Fecha: 26 de Mayo de 2020

Tribunal: TSJ Andalucia

Ponente: MANCHO SANCHEZ, CARLOS

Nº de sentencia: 1083/2020

Núm. Cendoj: 41091340012020101046

Núm. Ecli: ES:TSJAND:2020:3249

Núm. Roj: STSJ AND 3249/2020


Encabezamiento


RECURSO Nº 3868/19 - K
TRIBUNAL SUPERIOR DE JUSTICIA DE ANDALUCIA
SALA DE LO SOCIAL
SEVILLA
ILMO. SRA. Dª MARÍA DEL CARMEN PÉREZ SIBÓN.
ILMA. SRA. DOÑA AURORA BARRERO RODRÍGUEZ.
ILMO. SR. DON CARLOS MANCHO SÁNCHEZ, PONENTE.
En Sevilla, a veintiséis de mayo de dos mil veinte.
La Sala de lo Social de Sevilla del Tribunal Superior de Justicia de Andalucía, compuesta por los Ilmos. Sres.
citados al margen.
EN NOMBRE DEL REY
Ha dictado la siguiente:
SENTENCIA Nº 1083/2020
En el recurso de suplicación interpuesto por D Luis Andrés contra la sentencia dictada por el Juzgado de lo
Social número 2 de Córdoba ha sido Ponente el ILMO. SR. MAGISTRADO DON CARLOS MANCHO SÁNCHEZ.

Antecedentes


PRIMERO: Según consta en autos número 941/18 , se presentó demanda por D Luis Andrés , sobre grado, contra el Instituto Nacional de la Seguridad Social, Tesorería General de la Seguridad Social, la Mutua Asepeyo y la empresa Forrajes La Campiña S.L. Se celebró el juicio, y se dictó sentencia el día 24/9/19 por el Juzgado de referencia en el que se desestimó la demanda.
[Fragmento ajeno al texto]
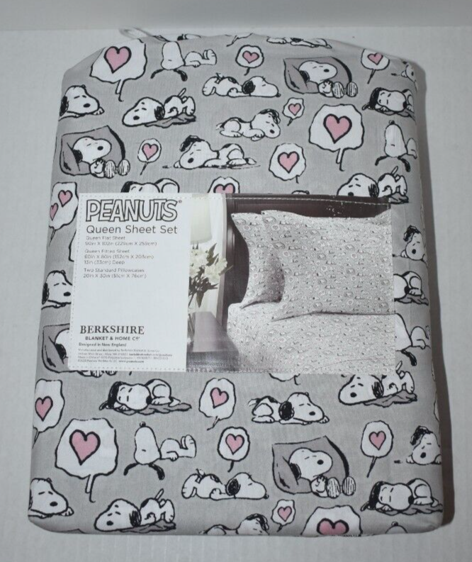 Peanuts Gray Snoopy Dreaming of Hearts Valentine Pattern Queen Size Sheet Set Gray sheets with a Snoopy sleeping dreaming of hearts print Includes: 1 Flat Sheet - 90" by 102" 1 Fitted Sheet - 60" by 80" 2 Pillow Cases - 20" by 30" Made of 100% Polyester New in package Customer satisfaction is my # 1 Priority!! Please contact me if you are not satisfied with any aspect of your purchase before leaving any feedback. S5

SEGUNDO: En la citada sentencia y como hechos probados se declararon los siguientes: 1º.- Luis Andrés , nacido el NUM000 /1975, en situación de alta en la empresa demandada, dedicada a la fabricación de productos para la alimentación animal, aseguradas las contingencias profesionales con la Mutua demandada, sin que exista informe de descubierto de cuotas, de profesión OFICIAL DE 2ª -MAQUINA ALIMENTACION TORVA EN INDUSTRIA MANUFACTURERA, inicio proceso de incapacidad temporal el 10/05/17, con el diagnóstico y fue alta médica el 26/12/17 por curación/mejoría que permitía la reincorporación laboral ( diagnóstico 718.87 Inestabilidad articular de tobillo y pie) confirmada por resolución de la Entidad Gestora de fecha 11/01/18 que elevó a definitiva el alta médica fijando esta fecha de efectos.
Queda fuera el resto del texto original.